First, citation rate per engine on a fixed 100-prompt panel. Run the panel against ChatGPT, Claude, AI Overview, AI Mode, and Perplexity. Record which URL is cited and how often. The 25K-page NBFC case landed at 8% on ChatGPT, 15.6% on AI Overview, and 19% on AI Mode at baseline. The engine spread is part of the diagnostic.

Second, internal coherence rate. Pick ten prompts the cluster targets, run each through three engines, and check whether the answer the model gives is consistent across engines. Inconsistency is a sign of cluster-internal contradiction, not engine variance.

Third, conversion-adjusted impression share. Impressions alone do not tell you the cluster is working. Conversions per cited impression is the honest signal. The manufacturing work surfaced one product line with 74.7% conversion that was being out-trafficked by a 21.1%-conversion line. The cluster fix prioritised protecting the high-converting line first, traffic-shifting later.

Our AI visibility audit establishes these baselines and the rebuild plan against them. Sites with crawl or canonical issues that are blocking cluster signal benefit from a parallel technical SEO audit. Cluster patterns by industry are documented in BFSI growth engineering and manufacturing growth engineering.

Practitioner Takeaway

  1. Run a 100-prompt panel across five engines on your top cluster this month. Record citation rate and the specific URLs cited. The variance reveals the cluster’s coherence.
  2. List your URLs against intent slots, not against keywords. Use real prompts grouped by intent class. Mark each URL as primary fit, partial fit, or no fit.
  3. Pick the anchor page and rewrite its opening 60 to 100 words. Named entity, claim, number or date. Plain HTML. This is the passage retrieval will lift.
  4. Deprecate the no-fit URLs. 301 to the anchor. Remove from sitemap. Audit the cluster’s signal six weeks later.
  5. Set differential refresh cadences. Anchor quarterly. Time-sensitive leaves monthly. Definitional leaves yearly. Schema dateModified reflects real review.

Frequently Asked Questions

How is LLM clustering different from Google’s topical authority model?

Topical authority is a property-level signal that Google’s ranking system uses to weight an entire domain on a subject. LLM clustering is a passage-level retrieval decision that happens at query time. A site can carry strong topical authority and still produce a cluster where the model cannot extract a clean citation, because the two systems measure different things. Both matter. They require different treatments.

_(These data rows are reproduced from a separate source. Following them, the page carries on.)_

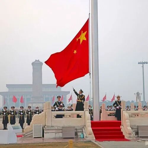 伴随着东方的一缕阳光,中国人民解放军仪仗大队国旗护卫队的仪仗队员同往常一样,以昂扬的斗志,精神抖擞的迈着整齐划一步伐、出天安门、过金水桥,迈着铿锵有力的正步跨过长安街,在庄严肃穆的国歌声中,五星红旗冉冉升起。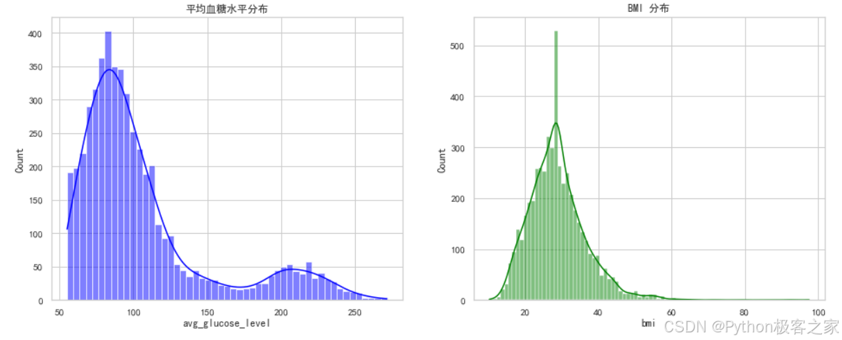 bmi列存在缺失值,我们采用均值填充策略。 - 数据清洗 : 删除了对预测无用的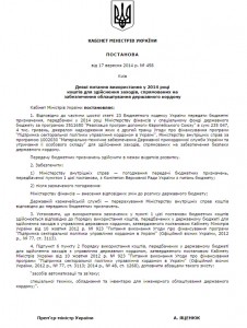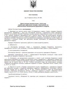 "Согласно части шестой статьи 23 Бюджетного кодекса Украины передать бюджетные назначения, предусмотренные в 2014 году Министерству финансов в специальном фонде государственного бюджета по программе 3511650 “Реализация программ помощи Европейского Союза” в сумме 235 047, 4 тыс. гривен, источником поступления которых является второй транш Соглашения о финансировании программы “Поддержка секторальной политики управления границей в Украине”, Министерству внутренних дел по программе 1002030 “Материально-техническое обеспечение Государственной пограничной службы Украины и содержание ее личного состава” для осуществления мер, направленных на обеспечение безопасности государственной границы", — указано в документе.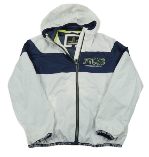 Bílo-tmavomodrá šusťáková jarní bunda s písmenky a číslem a kapucí C&A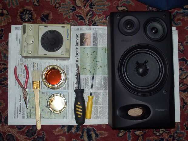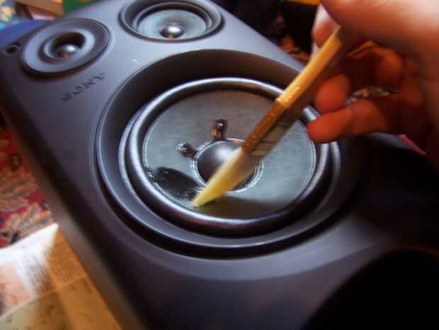 Por lo tanto, encontrar a su favorito (yo usé de poliuretano) de material de impermeabilización y aplique el cono del altavoz y la cúpula pero no la goma alrededor del borde del altavoz que permite que el cono a moverse. Por lo menos no a todo, no es un crimen si usted consigue un poco de allí.

Should I delete pages that have impressions but no LLM citations?

Not automatically. Impressions still produce branded recall, classical click traffic, and ranking signal. The deprecation candidates are pages with low impressions, no conversions, and no LLM citations. That combination is where the editorial cost outweighs the surface value.

How many leaves should a cluster have?

Four to eight is the working range for B2B brands. Below four, the anchor is doing too much work alone. Above eight, the cluster has usually subdivided and would be cleaner as two clusters with separate anchors. The number is a guideline, not a rule.

Does this approach work for ecommerce category pages?

Yes, with one adaptation. Ecommerce anchor pages double as transactional surfaces, so the citation-grade answer block sits alongside product listings rather than replacing them. The first 60 to 100 words of the category description carry the answer. Product listings carry the conversion job. Both surfaces work in parallel.

Can a cluster work without a Wikidata-anchored entity?

It can work, but it underperforms. Entity anchoring concentrates the model’s confidence on a single canonical reference. Without it, the cluster competes against generic semantic space and earns lower citation share even when the content quality is high.

If your category cluster has stalled despite a strong content programme, the diagnostic is usually cluster-internal contradiction, not content scarcity. Request the audit that surfaces the six failure signals on your top three clusters and specifies the rebuild order.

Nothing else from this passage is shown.